**Given material**
________________

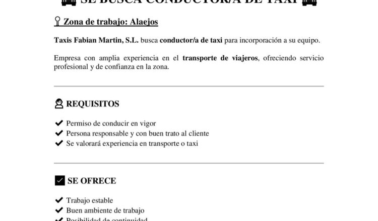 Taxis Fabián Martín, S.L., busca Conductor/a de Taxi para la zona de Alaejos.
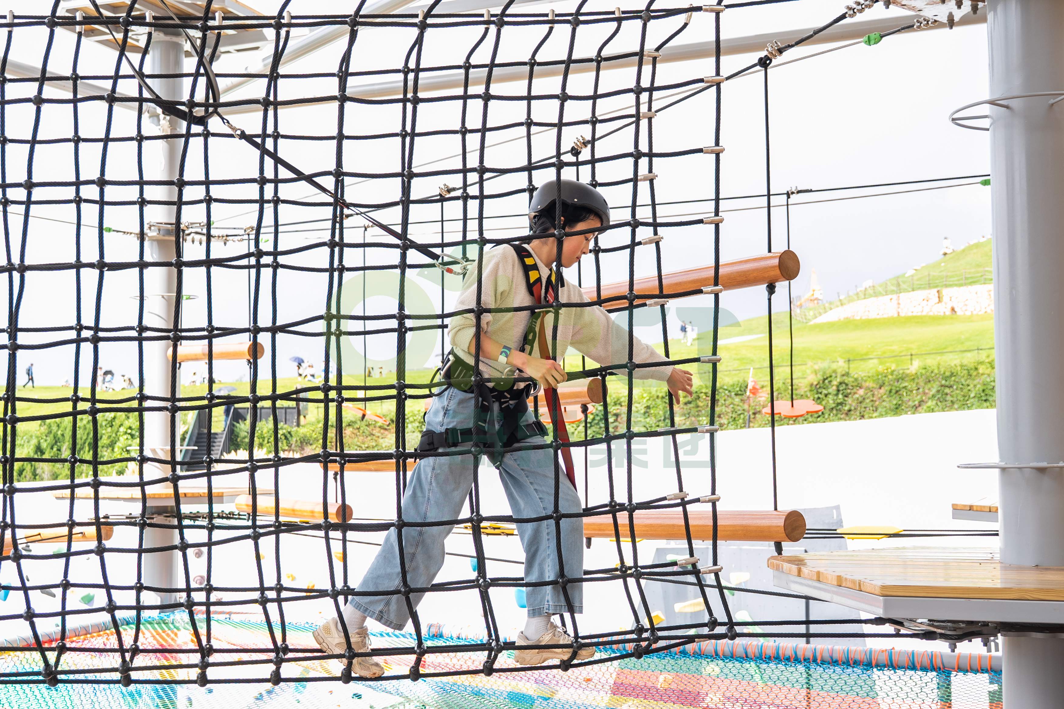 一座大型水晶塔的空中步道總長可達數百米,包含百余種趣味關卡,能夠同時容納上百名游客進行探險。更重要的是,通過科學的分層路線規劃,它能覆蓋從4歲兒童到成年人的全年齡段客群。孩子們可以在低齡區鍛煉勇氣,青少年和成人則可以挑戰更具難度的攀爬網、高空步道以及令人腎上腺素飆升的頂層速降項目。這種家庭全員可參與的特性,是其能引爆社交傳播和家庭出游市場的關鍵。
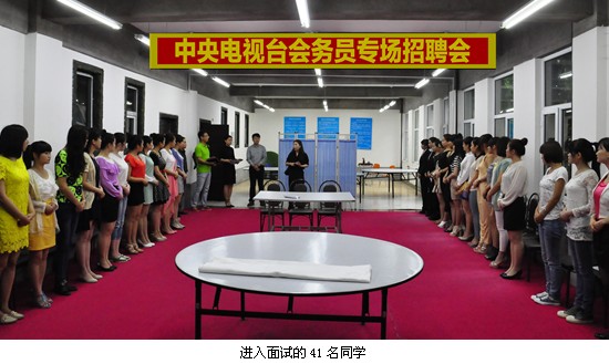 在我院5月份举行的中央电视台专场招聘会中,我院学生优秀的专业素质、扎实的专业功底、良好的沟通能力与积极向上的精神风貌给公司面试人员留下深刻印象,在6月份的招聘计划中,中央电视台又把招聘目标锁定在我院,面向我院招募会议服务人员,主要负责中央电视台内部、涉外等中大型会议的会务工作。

________________

Take the lines from the start of the listing above through the line with "一座大型水晶塔的空中步道總長", both ends included, and copy them exactly, leaving the pictures behind.

 Taxis Fabián Martín, S.L., busca Conductor/a de Taxi para la zona de Alaejos.
 一座大型水晶塔的空中步道總長可達數百米,包含百余種趣味關卡,能夠同時容納上百名游客進行探險。更重要的是,通過科學的分層路線規劃,它能覆蓋從4歲兒童到成年人的全年齡段客群。孩子們可以在低齡區鍛煉勇氣,青少年和成人則可以挑戰更具難度的攀爬網、高空步道以及令人腎上腺素飆升的頂層速降項目。這種家庭全員可參與的特性,是其能引爆社交傳播和家庭出游市場的關鍵。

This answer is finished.